Budget Chinese brands, Chery and GWM, are set for a third quarter launch in Australia and New Zealand despite claims the exchange rate had caused the delay. Yesterday, the Carsales Network reported that the local distributor for the two brands, Ateco Automotive, had come down with a bout of cold feet (more here).
Not so, says Ateco's PR Manager, Edward Rowe, who elaborated on comments from the brand consultant for Chery and GWM, Anne Wild.
He supported Wild's comments that Ateco remained steadfast in its decision to bring the new brands to Australia despite the challenges it faces amid the sales downturn and troubled economy.
"We are 100 per cent committed to the launch of the Chinese brands on the Australia and New Zealand markets," Rowe told the Carsales Network. "They are very much at the heart of the future of our company and our commitment to them is complete."
Although he confirms that GWM was delayed from its original launch date by a production hold in China, Rowe insists there was never any plan to launch either Chery or GWM by March and refutes Wild's comments that the falling exchange rate is to blame.
However, according to Rowe the fluctuating exchange rate has raised a question over the model make-up and pricing of both brands but he says that will only be an issue when Ateco begins ordering cars for the local market.
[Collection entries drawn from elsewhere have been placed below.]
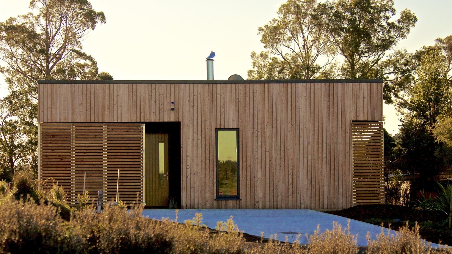 The cabin is designed to let in as much natural sunlight as possible in winter to heat up the concrete mass. In summertime, warm outdoor air is kept out, but the cabin remains visually connected to the natural elements through the generously proportioned windows.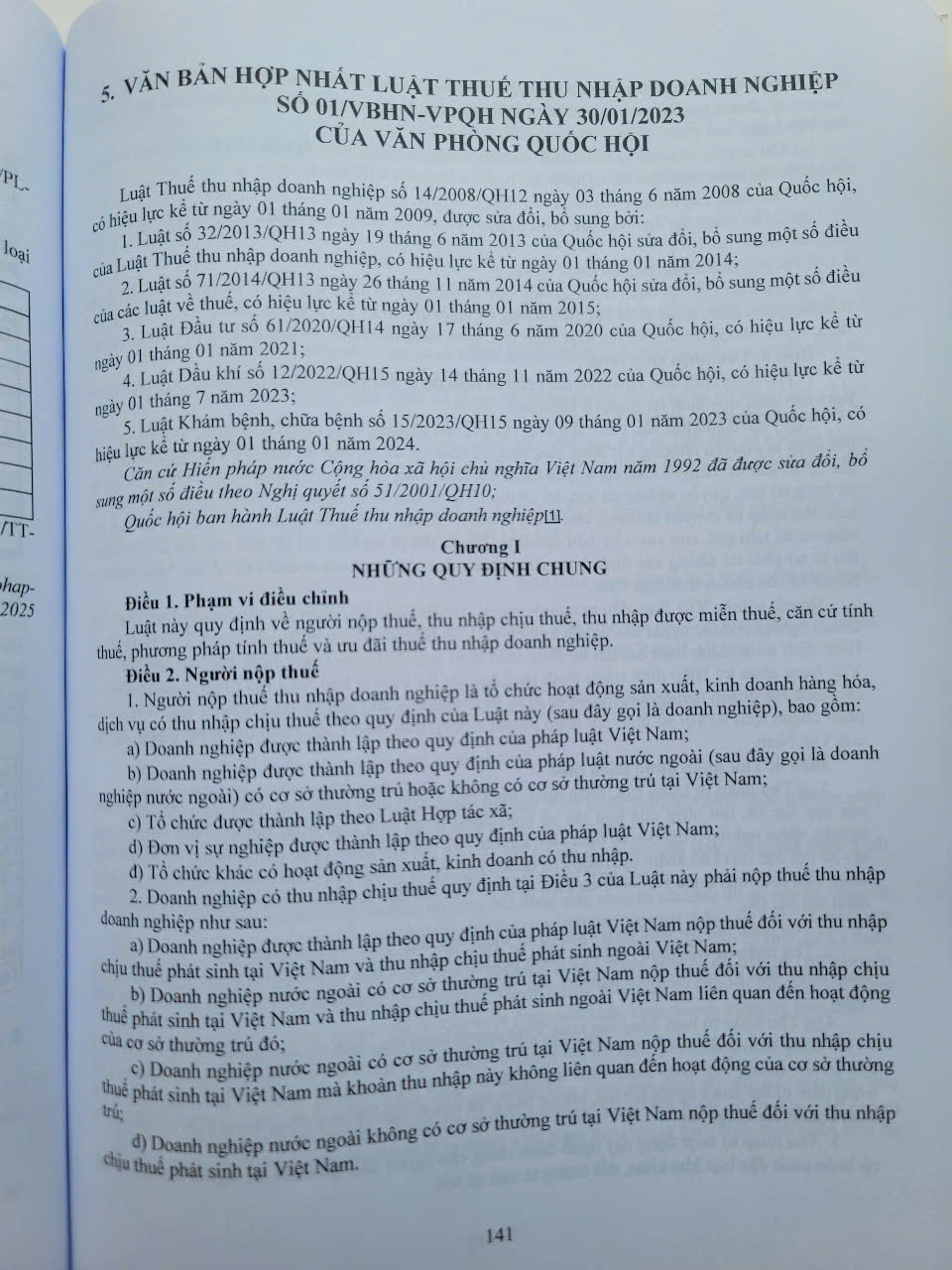 Phần thứ hai. Văn bản hợp nhất luật thuế thu nhập doanh nghiệp, luật thuế thu nhập cá nhân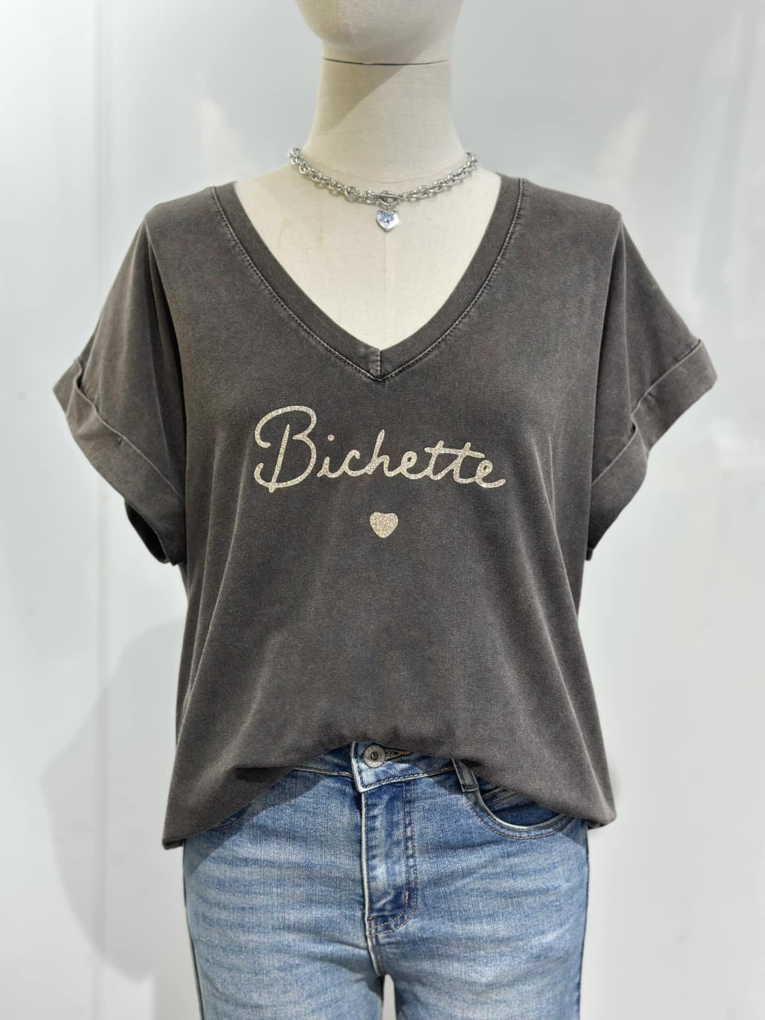 Tee-shirt April Vintage col V bichette gris délavé pailleté blanc

He confirmed that Ateco would cherry pick what models the company would import from each brand, in keeping with its usual practice with its other brands.
"It has always been Ateco's policy to have a tight, focused range of models that best suit the key four or five major market sectors and limit the number of variants and options to optimize our dealers' ability to run successful and profitable businesses. This applies to all the brands we represent," Rowe says.